Recorded data:
'''

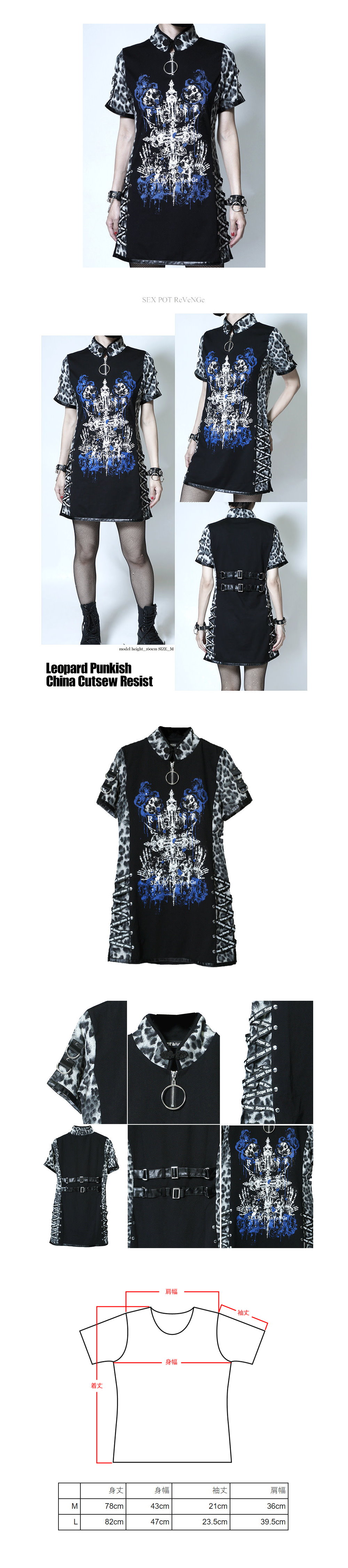 *MINI PUNK LOLO*日本龐克視覺-禍々しく咲き誇る髑髏と薔薇。普通に抵抗し続けるメッセージ性を込めたグラフィック中國風連身裙(中性.sa681399)PUNK 數量
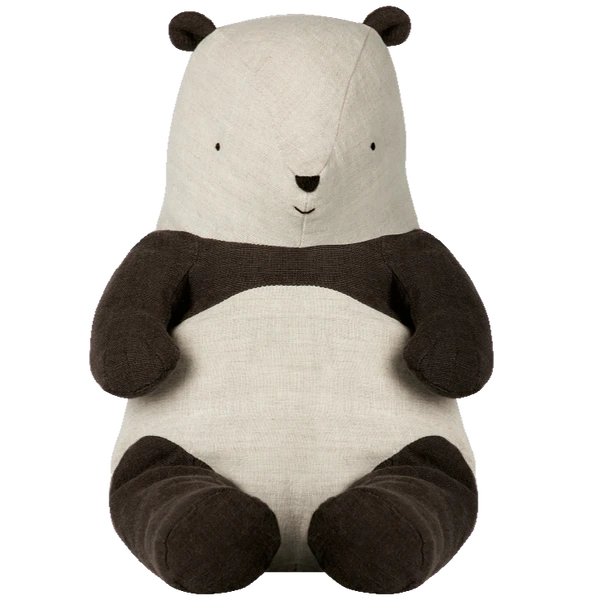 Soft linen Panda Bear by Maileg. Height 31 inches Suitable for all ages Washable at 30 degrees Made from linen with recycled polyester/ PE Pellet filling
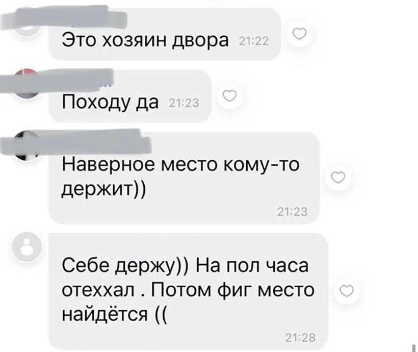 «Наверное, место кому-то держит», — предположил кто-то. На это последовал ответ от другого участника чата: «Себе держу. На полчаса отъехал. Потом фиг место найдется». А как вы относитесь к подобному?
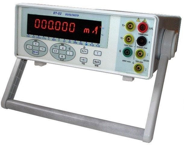 Вольтметр универсальный B7-82 предназначен для измерения напряжения постоянного тока и силы постоянного тока, среднего квадратичного значения напряжения переменного тока, сопротивления постоянному току, частоты и периода электрических сигналов и обеспечивающих математическую и логическую обработку результатов измерений.
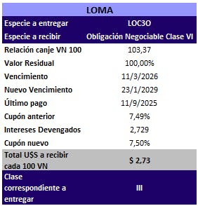 - Para el canje, la relación de canje va a ser de VN 103,37 por cada VN 100 de LOC3O entregados.

'''

The answer is the entries above, given again exactly, with no pictures among them.

» REPLY:
 *MINI PUNK LOLO*日本龐克視覺-禍々しく咲き誇る髑髏と薔薇。普通に抵抗し続けるメッセージ性を込めたグラフィック中國風連身裙(中性.sa681399)PUNK 數量
 Soft linen Panda Bear by Maileg. Height 31 inches Suitable for all ages Washable at 30 degrees Made from linen with recycled polyester/ PE Pellet filling
 «Наверное, место кому-то держит», — предположил кто-то. На это последовал ответ от другого участника чата: «Себе держу. На полчаса отъехал. Потом фиг место найдется». А как вы относитесь к подобному?
 Вольтметр универсальный B7-82 предназначен для измерения напряжения постоянного тока и силы постоянного тока, среднего квадратичного значения напряжения переменного тока, сопротивления постоянному току, частоты и периода электрических сигналов и обеспечивающих математическую и логическую обработку результатов измерений.
 - Para el canje, la relación de canje va a ser de VN 103,37 por cada VN 100 de LOC3O entregados.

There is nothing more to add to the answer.